Problem to solve: With the pictures left aside, write out the entries that follow exactly.

Records:
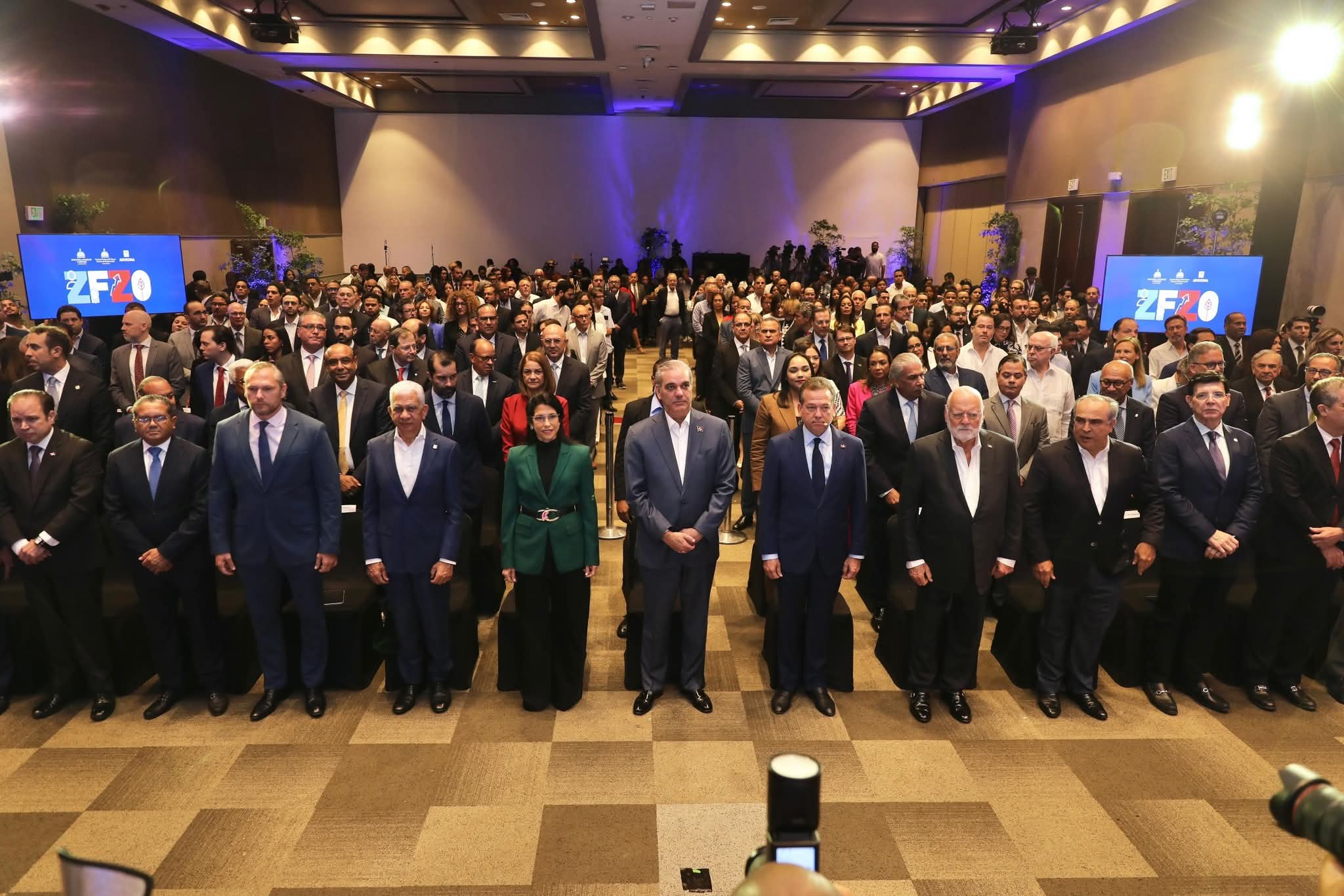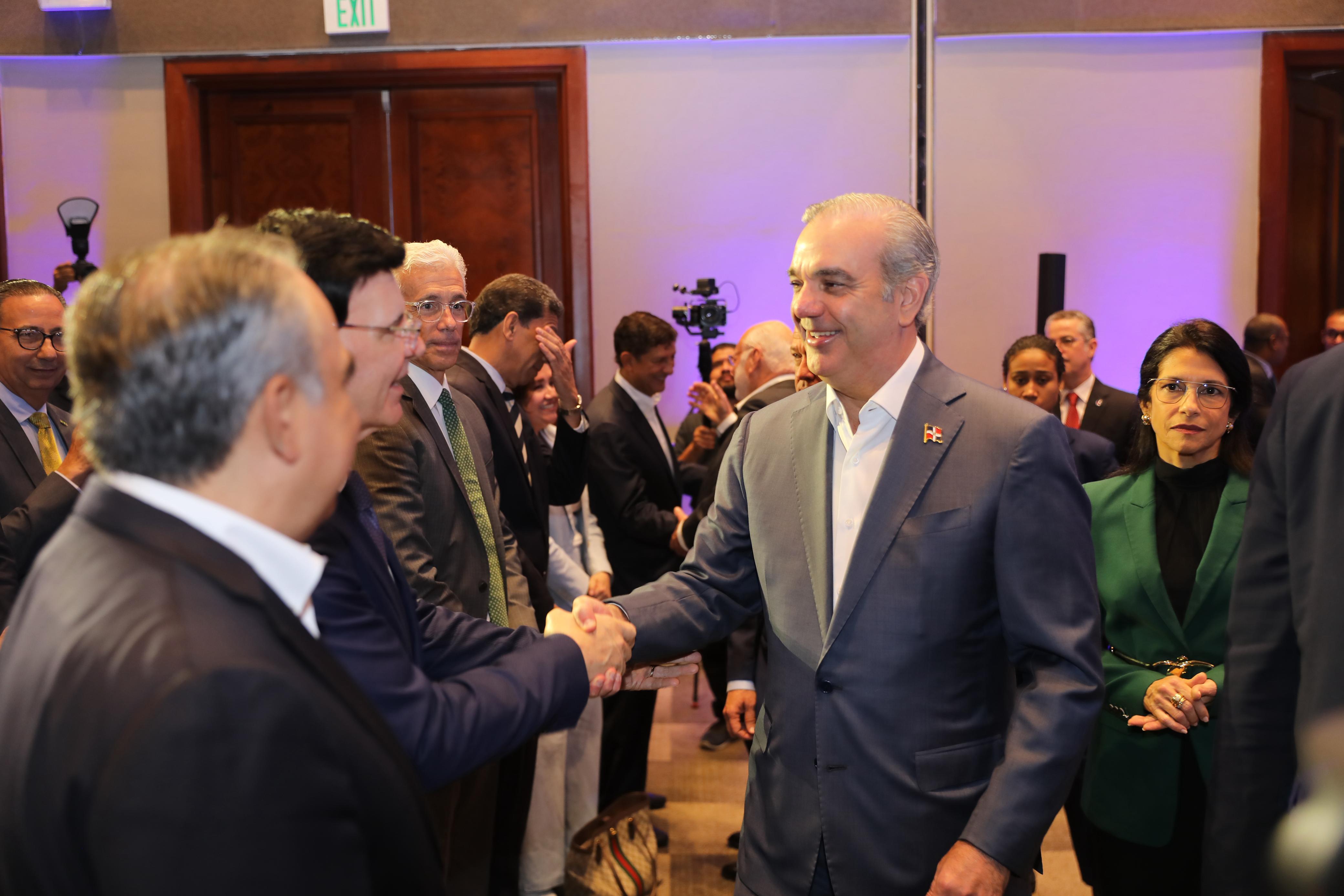 Acompañaron al mandatario, el presidente del Senado, Ricardo de los Santos; los ministros de Industria, Comercio y Mipymes, Víctor Bisonó; de Energía y Minas Joel Santos; los directores del Consejo Nacional de Zonas Francas de Exportación, Daniel Liranzo; de ProDominicana, Biviana Riveiro; empresarios y representantes del cuerpo diplomático acreditados en el país.
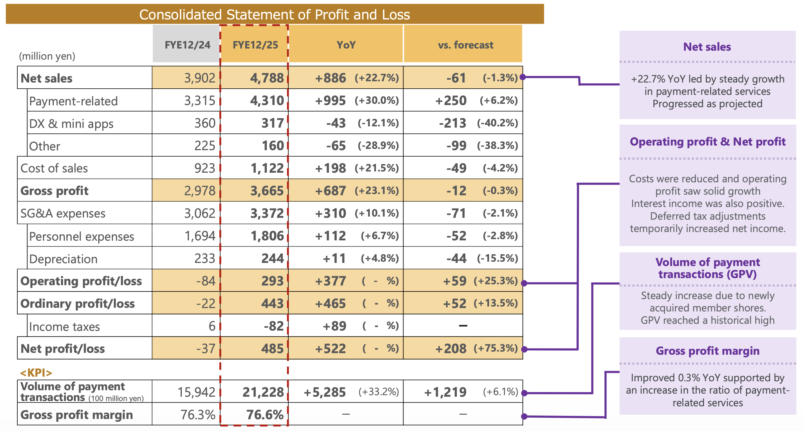 “We achieved our first full-year of profitability since our public listing,” the company stated in its presentation. “GPV growth exceeded the forecast, and as a first step toward building a high-profit business structure, we achieved full-year profitability.”
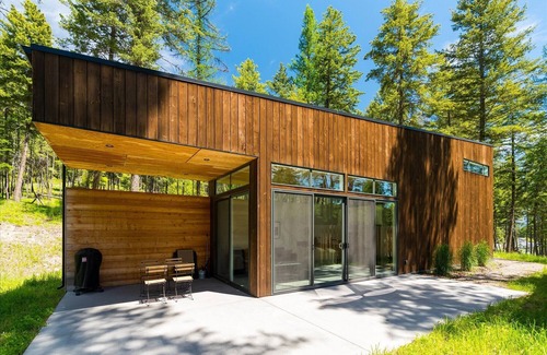 Stoner Creek Cabins offers clean lines, modern efficiency, and thoughtful amenities. Our contemporary design is completed with Shou Sugi Ban siding, a sustainable preservation technique originating in Japan. The cabin may accommodate up to four people with one queen bed in the bedroom and a sofa sleeper in the living space. The open concept kitchen and living area includes floor to ceiling windows with sliding doors that may be opened to experience the woods from the comfort of your couch. The cabin includes everything that you should need to feel at home! The kitchen provides a full-size refrigerator, microwave, oven, dishwasher, and Nespresso coffee machine with all cooking and eating implements. The stacked front-loading washer and dryer includes complimentary laundry pods. Enjoy the outdoor space with a large deck, table and chairs, propane grill, lounge chairs and private fire pit.
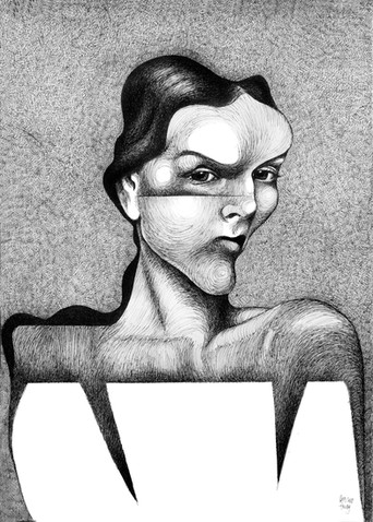 I enjoy how soft the skin seems, but at the same time, it seems obscure, without too much detail, but enough to make it clear. It goes well with the straight white lines and this paint applied around the model.
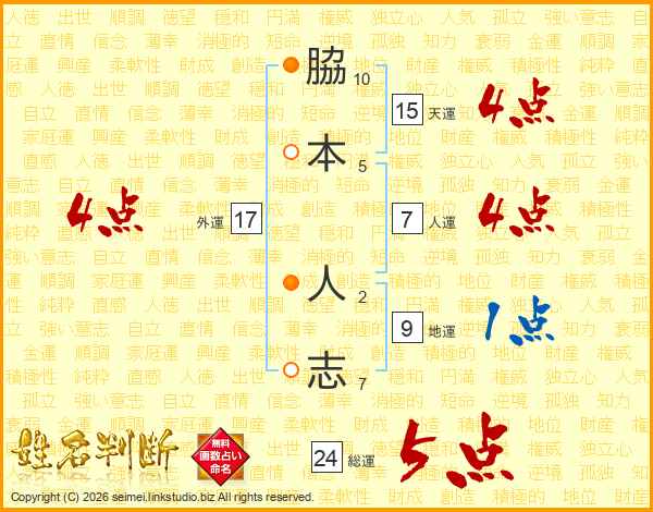 脇本人志さんの外運は17画の4点!

Finished task:
 Acompañaron al mandatario, el presidente del Senado, Ricardo de los Santos; los ministros de Industria, Comercio y Mipymes, Víctor Bisonó; de Energía y Minas Joel Santos; los directores del Consejo Nacional de Zonas Francas de Exportación, Daniel Liranzo; de ProDominicana, Biviana Riveiro; empresarios y representantes del cuerpo diplomático acreditados en el país.
 “We achieved our first full-year of profitability since our public listing,” the company stated in its presentation. “GPV growth exceeded the forecast, and as a first step toward building a high-profit business structure, we achieved full-year profitability.”
 Stoner Creek Cabins offers clean lines, modern efficiency, and thoughtful amenities. Our contemporary design is completed with Shou Sugi Ban siding, a sustainable preservation technique originating in Japan. The cabin may accommodate up to four people with one queen bed in the bedroom and a sofa sleeper in the living space. The open concept kitchen and living area includes floor to ceiling windows with sliding doors that may be opened to experience the woods from the comfort of your couch. The cabin includes everything that you should need to feel at home! The kitchen provides a full-size refrigerator, microwave, oven, dishwasher, and Nespresso coffee machine with all cooking and eating implements. The stacked front-loading washer and dryer includes complimentary laundry pods. Enjoy the outdoor space with a large deck, table and chairs, propane grill, lounge chairs and private fire pit.
 I enjoy how soft the skin seems, but at the same time, it seems obscure, without too much detail, but enough to make it clear. It goes well with the straight white lines and this paint applied around the model.
 脇本人志さんの外運は17画の4点!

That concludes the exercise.